*Problem description*:
Your answer is to be the exact text of the lines from the one containing "Svečano pjevanje predvodio" through the final line of the entries, restated in full, with pictures omitted.

------

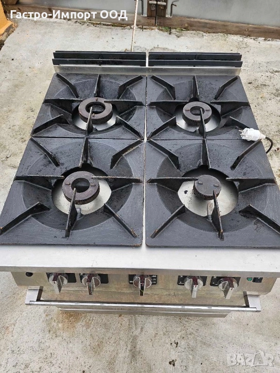 Изработен от неръждаема стомана. 3 броя горелки с диаметър Ø110 мм х 8kW и 1 брой Ø80 мм x 6kW, поставени чугунена основа.
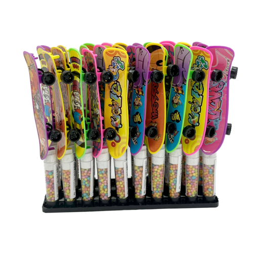 Cada display vem com 30 unidades do Skate Pop, facilitando a distribuição em grandes grupos ou para revenda. O design do skate é atrativo e projetado para captar a atenção, enquanto as balinhas dentro do tubo oferecem um doce deleite após a brincadeira.
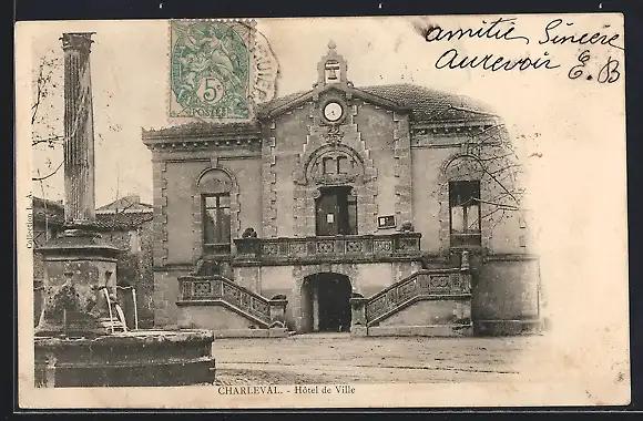 AK Charleval, Hôtel de Ville avec colonne en premier plan
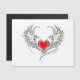 Coeur rouge peint de façon artistique avec ailes d'ange gris, décoré de contour lisse noir.
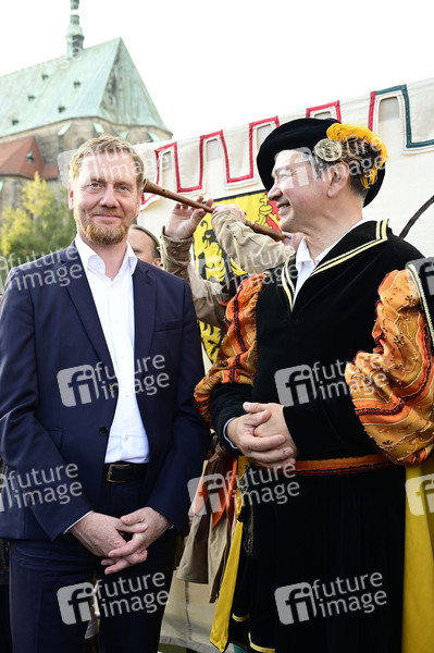Michael Kretschmer und Octavian Ursu am Eröffnungstag vom Altstadtfest an der Altstadtbrücke. Görlitz, 29.08.2025
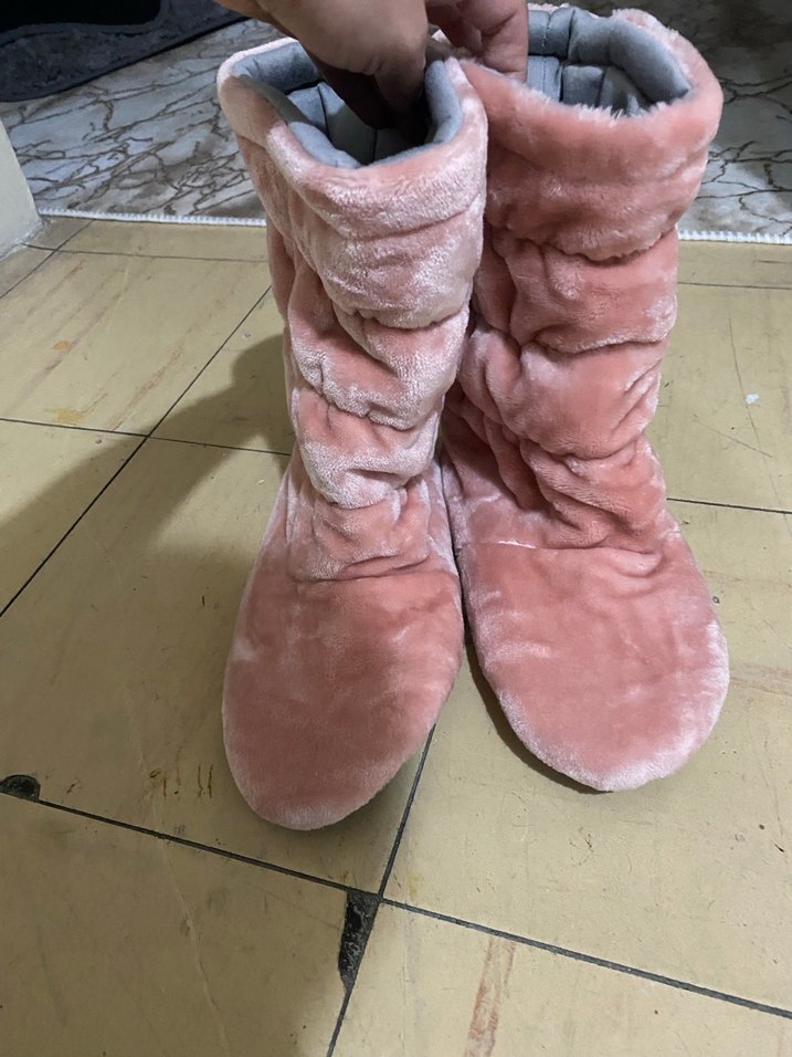 pembe renkli, peluş ve kürklü detaylara sahip ev terliği. Hiç giyilmedi. 36-37 numaraya uygun
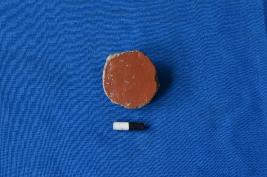 | Description / विवरण | A circular shaped terracotta hopscotch made out of a potsherd of red slipped ware with unfinished edges. |
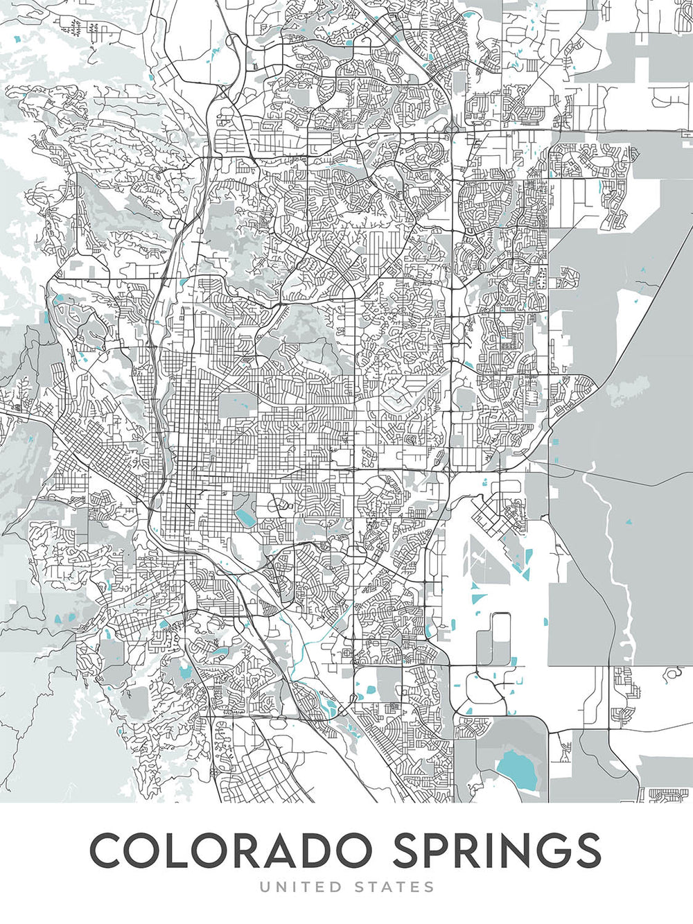 Questa mappa è un must-have per chi ama Colorado Springs o per chi apprezza l'arte e il design moderni. Ordina la tua copia oggi!
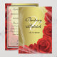 Gold & Red Rose Wedding Invitations---Match the RSVP cards & entire suite found below on this page. Each invitation features an elegant rose design on both sides in vibrant red with a gold background. The design also features whimsical white faux lighting. These red rose wedding invitations are set to high quality basic card stock; however, you can change the stock to linen, felt (embossed), recycled, and several metallic shades if you would like under number 2 (choose your style, size & paper type) below the orange add to cart button. A list of the additional costs for a fancier card stock are displayed also under that option. Each invitation comes with a fitted white envelope.
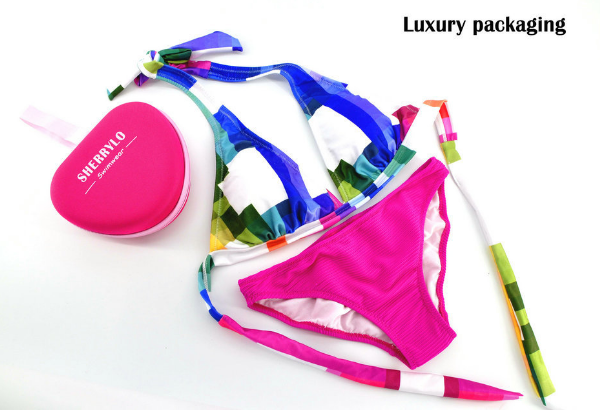 Funda rígida de plástico hermosa en color rosa para trajes de baño.
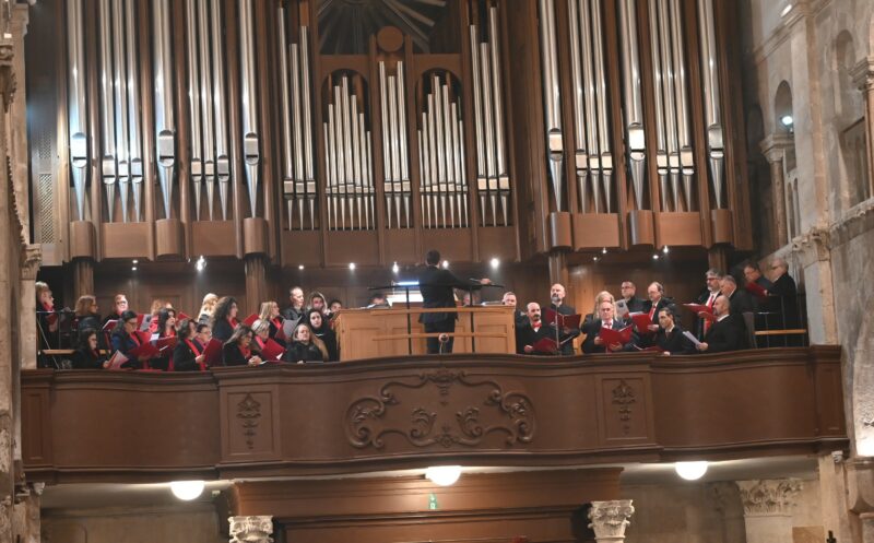 Svečano pjevanje predvodio je Katedralni zbor sv. Stošije s gostima, pod vodstvom i u orguljaškoj pratnji Dragana Pejića i ravnanjem dirigenta Luke Čačića.
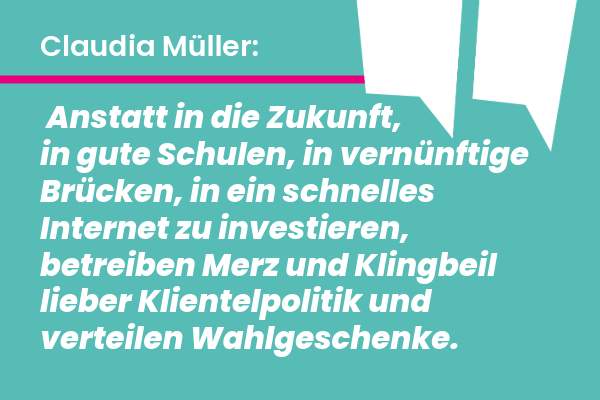 Union und SPD sind dabei diese 500-Milliarden-Chance für unser Land zu verzocken. Anstatt in die Zukunft, in gute Schulen, in vernünftige Brücken, in ein schnelles Internet zu investieren, betreiben Merz und Klingbeil lieber Klientelpolitik und verteilen Wahlgeschenke. Die Studien vom Institut der deutschen Wirtschaft Köln (IW) und vom Münchner ifo-Institut bestätigen unseren Vorwurf.

------

*Task solution*:
 Svečano pjevanje predvodio je Katedralni zbor sv. Stošije s gostima, pod vodstvom i u orguljaškoj pratnji Dragana Pejića i ravnanjem dirigenta Luke Čačića.
 Union und SPD sind dabei diese 500-Milliarden-Chance für unser Land zu verzocken. Anstatt in die Zukunft, in gute Schulen, in vernünftige Brücken, in ein schnelles Internet zu investieren, betreiben Merz und Klingbeil lieber Klientelpolitik und verteilen Wahlgeschenke. Die Studien vom Institut der deutschen Wirtschaft Köln (IW) und vom Münchner ifo-Institut bestätigen unseren Vorwurf.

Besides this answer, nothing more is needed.